In the standard Swin Transformer, SW-MSA mechanism is pivotal. We enhance this by integrating hybrid shifted windows (HSW-MSA), where the window partitioning strategy is adjusted. This modification allows the model to capture both local features within each window and global context by enabling cross-window connection, vital for accurately identifying features in skin lesion images that vary subtly in texture and color. This innovation specifically addresses the challenge of overlapping skin lesion features, which are common in dermoscopic images and crucial for distinguishing between malignant and benign lesions. It is demonstrated that HSW-MSA significantly improves the model’s ability to discern overlapping and adjacent lesion boundaries, leading to more accurate classification results. On the other hand, the multilayer perceptron (MLP) layer in the Swin Transformer is traditionally a simple feed-forward network. We replace this with a SwiGLU-based MLP to introduce a gating mechanism that regulates the flow of information through the network. SwiGLU, incorporating the Swish activation function, allows for more dynamic control over feature activation, reducing the risk of overfitting on less prominent features and enhancing the model’s focus on salient features crucial for skin cancer detection. The inclusion of SwiGLU has shown to improve the depth of the feature extraction process, enabling the network to handle complex patterns in dermatoscopic images more effectively.
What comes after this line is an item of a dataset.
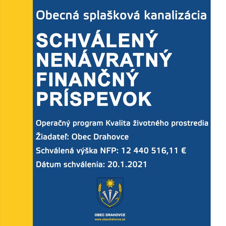 Obec Drahovce získala nenávratný finančný príspevok z eurofondov vo výške 12,4 milióna eur na vybudovanie kanalizácie. Ministerstvo životného prostredia zmenilo svoje rozhodnutie spred piatich rokov a peniaze obci pri Piešťanoch schválilo. O pridelení peňazí informoval starosta Drahoviec Miroslav Ledecký. Obec podľa neho celú čiastku z operačného programu zameraného na kvalitu životného prostredia ani nevyčerpá, pretože kanalizácia bude výrazne lacnejšia.
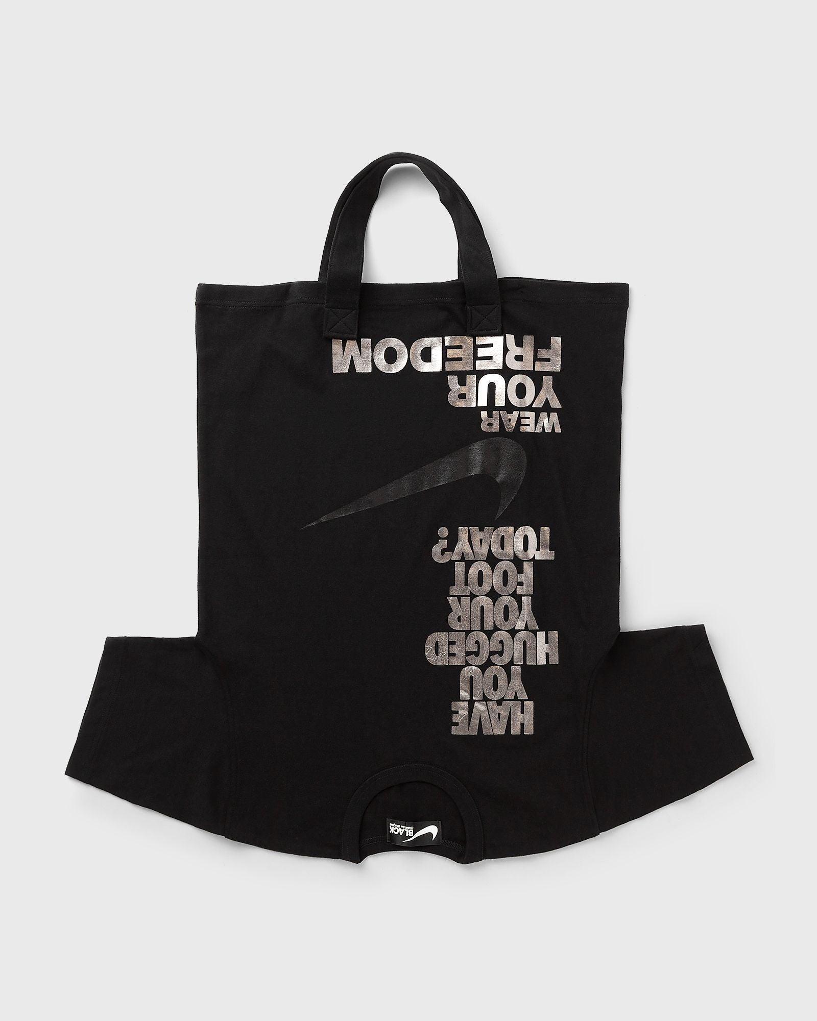 The Comme des Garons Black x Nike Tote Bag reinterprets a classic design in a striking T-shirt shape. - Carrying handles - Main compartment - Silver-colored graphics - Dimensions: 40 cm x 43 cm

This leads to faster convergence during training and results in a higher classification accuracy, as demonstrated by our experiments on the ISIC 2019 dataset.

SwiGLU-Based MLP

SwiGLU integrates the Swish activation function within its structure, yielding remarkable improvements in neural network architectures such as the Swin Transformer. The critical innovation of SwiGLU lies in its ability to separate the gating mechanism from the input processing, a feature that distinguishes it from traditional GLU implementations. This separation grants SwiGLU a unique advantage: It facilitates more intricate information flow control within the network, allowing for selective modulation of feature representations. In skin cancer detection using the Swin Transformer architecture, integrating SwiGLU has proven instrumental in achieving superior accuracy. By incorporating the Swish activation function, which exhibits smoother gradients and nonlinear behavior compared to traditional activation functions like ReLU, SwiGLU enhances the model’s capacity to capture complex patterns in skin lesion images. Furthermore, the gating mechanism inherent in SwiGLU enables the model to selectively amplify or suppress features at different hierarchical processing stages, leading to improved discrimination between malignant and benign lesions.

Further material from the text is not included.